Estamos vivendo desde já em estado de satori; ficamos entretanto impossibilitados de usufruí-lo devido ao trabalho incessante de nossos automatismos psicológicos que aferrolham dentro de nós um circulo vicioso; nossa agitação imaginativo-emotiva nos impede de ver a nossa "natureza de Buda" e, julgando estar assim privados da nossa realidade essencial, somos forçados a imaginar para compensar essa carência ilusória.

Acredito estar separado de meu "ser" e o procuro para juntar-me a ele. Conhecendo-me apenas como indivíduo separado, procuro o Absoluto num molde individual; desejo me afïrmar absolutamente como ser-separado. Esse esforço cria e alimenta a minha "ficção divina", a minha pretensão fundamental a ser todo-poderoso como indivíduo no plano dos fenômenos.

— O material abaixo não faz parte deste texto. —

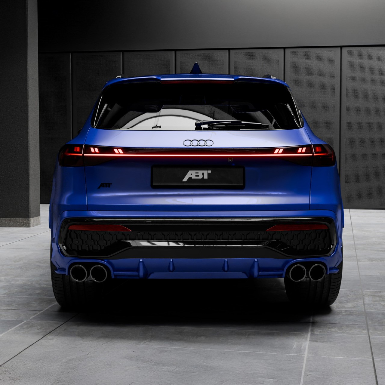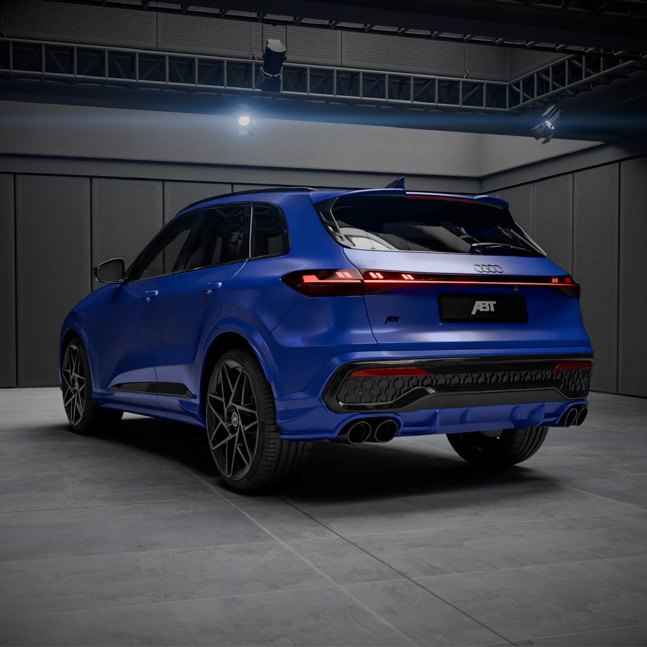 Le pack ABT pour le nouveau AUDI SQ5 réserve d’entrée de jeu une surprise toute particulière avec les jantes sport EVO de 22 pouces, couleur « glossy black », qui font ici leur première apparition. Les éléments aérodynamiques ajoutés (spoiler avant, insert de jupe arrière, spoiler arrière avec déflecteurs dynamiques) et les quatre sorties d’échappement inox noir mat Ø 102 mm renforcent visuellement un caractère “SPORT SUV”.

Esse trabalho compensatório de meus automatismos psicológicos consiste, na minha representação imaginativa das coisas, em negar a minha atenção às constatações da minha impotência, e em retirar a minha pretensão nos casos em que a visão dessa minha impotência não pode ser evitada. Eu me arranjo de modo a jamais reconhecer a igualdade entre mim mesmo e o mundo exterior; declaro-me diferente do mundo exterior, desnivelado em relação a ele, acima dele quando posso, abaixo quando não posso. A ficção segundo a qual eu seria individualmente a Causa Primeira do Universo exige que só se cogite em condicionamento do mundo por mim: ou eu me vejo condicionando o mundo exterior, ou então me vejo incapaz de condicioná-lo, não podendo, porém, jamais reconhecer-me condicionado por ele num plano de igualdade. Daí a ilusão do "Não-Eu"; quando me vejo incapaz, trata-se do "Não-Eu"; eu não quero nunca reconhecê-lo como "Ele", por não ter consciência da hipóstase que nos une.

A impossibilidade em que hoje me encontro de usufruir da minha natureza mesma, da minha natureza-de-Buda, como homem universal e não como indivíduo separado, essa impossibilidade me obriga a fabricar continuamente uma representação radicalmente enganosa da minha situação no universo. Em lugar de me ver em igualdade com o mundo exterior, eu me vejo ora acima dele, ora abaixo, ora "no alto", ora "embaixo". Nessa ótica, na qual o "no alto" é Ser e o "embaixo" é Nada, sou obrigado a sempre fazer esforços em direção ao Ser. Todos os meus esforços tendem necessariamente, de modo direto ou indireto, a me elevar, seja grosseiramente, seja sutilmente ou, como se diz, "espiritualmente".

Antes do satori, todos os meus automatismos psicológicos naturais têm como base o amor-próprio, a pretensão pessoal, a reivindicação de "subir" de uma maneira qualquer; e é essa reivindicação de me elevar individualmente que me esconde minha dignidade universal infinita.